Eligibility quantification and categorization

Clinical trial eligibility criteria were initially documented by one investigator (S.G.) and subsequently reviewed by another investigator (D.E.G.). All instances of disagreement were discussed and resolved. Eligibility criteria were quantified on two levels: individual criteria and criteria groupings. For instance, white blood cell count, hemoglobin, and platelet count were considered individual eligibility criteria, all falling within the single grouping of hematologic parameters. To select category groupings and terms, we reviewed the relevant literature and adapted previously published systems that seemed most relevant to the disease type in question.19,22 We used a category of “unstable” conditions to broadly include a variety of excluded excluded states. Among others, these included recent or anticipated invasive procedures, substantial weight loss, and reference to non-specific conditions thought to interfere with study conduct or interpretation. Our analyses were performed using criteria groupings rather than individual criteria.

Statistical Analysis

Associations between trial characteristics and eligibility criteria were analyzed by nonparametric statistical methods, such as Wilcoxon two-sample test and Kruskal-Wallis test. All reported p-values were two-sided. A p-value less than 0.05 was considered as statistical significance.

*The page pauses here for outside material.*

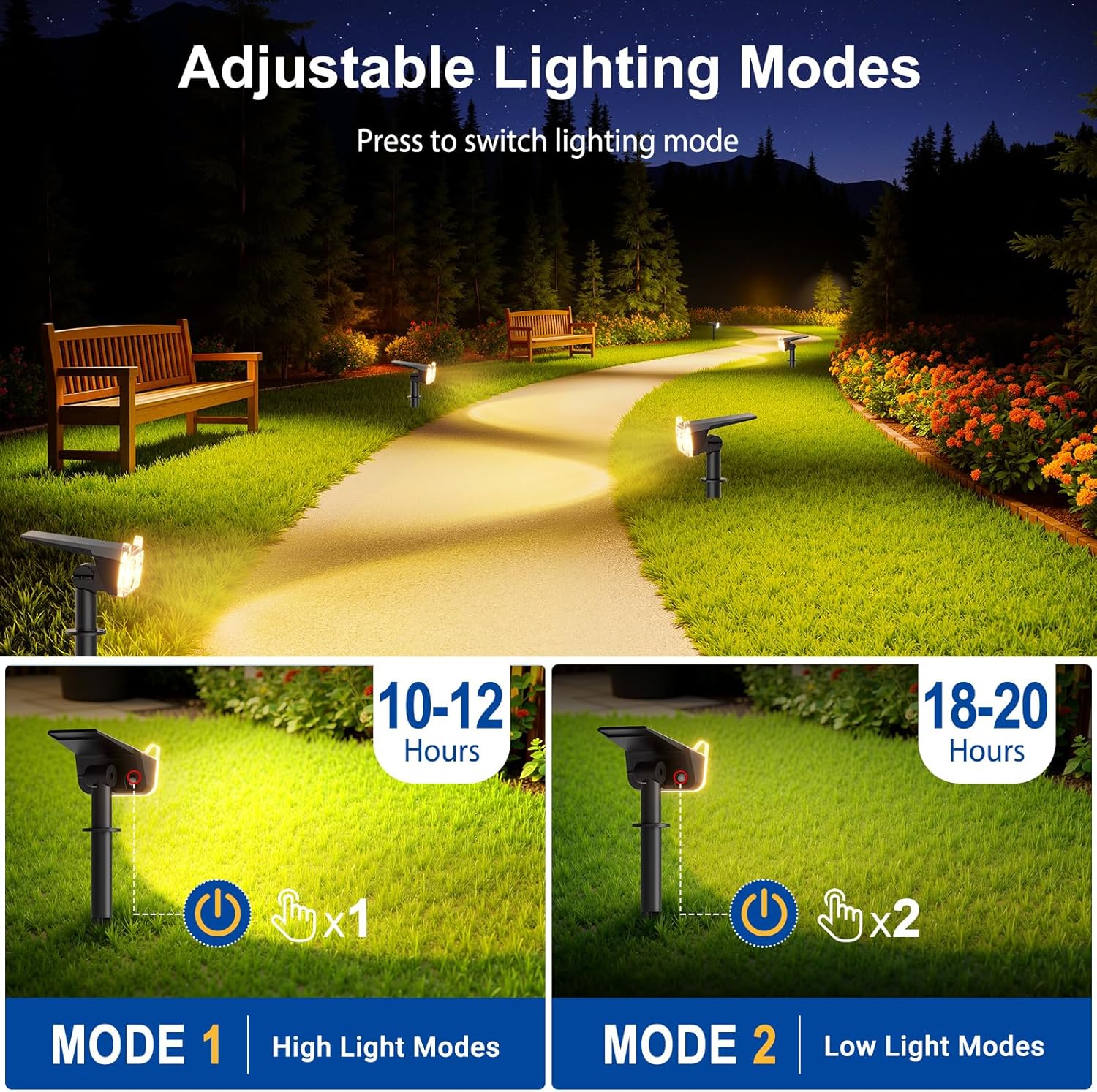 - Brighter Focusing LED & Long Lasting: Equipped with two high-power LED and upgraded optical convex lenses, solar spot lights outdoor provide brighter, more focused light. Solar lights outdoor feature a 1200mAh high-capacity battery for long-lasting performance. In high light mode, solar spotlight offer up to 12 hours of continuous illumination, while low light mode extends this to 20 hours. Whether lighting up your garden or yard, solar outdoor lights ensure reliable, long-term outdoor use

All statistical calculations were performed by SAS 9.4 for Windows (SAS Institute Inc., Cary, NC).

Results

We identified a total of 74 lung cancer clinical trials sponsored or endorsed by the ECOG Thoracic Committee for which full study protocols were available. Trial characteristics are listed in Table 1. Full protocol titles are listed in Supplementary Table 1.

Table 1.

Characteristics of trials included in the analysis

Characteristic Number (%)
Total trials 74
Phase of study
 1 4 (5)
 2 40 (54)
 3 25 (34)
 Other 5 (7)
Primary endpoint
 Overall survival 27 (36)
 Progression-free survival 10 (14)
 Other 37 (50)
Primary treatment modality
 Surgery 8 (11)
 Radiation 9 (12)
 Medical therapy 54 (73)
 Other 3 (4)
Year of study activation
 1986–1995 27 (36)
 1996–2005 31 (42)
 2006–2016 16 (22)
Archival tumor tissue required 5 (7)
Number of therapies administered
 0–1 26 (35)
 2–3 32 (43)
 4–7 16 (22)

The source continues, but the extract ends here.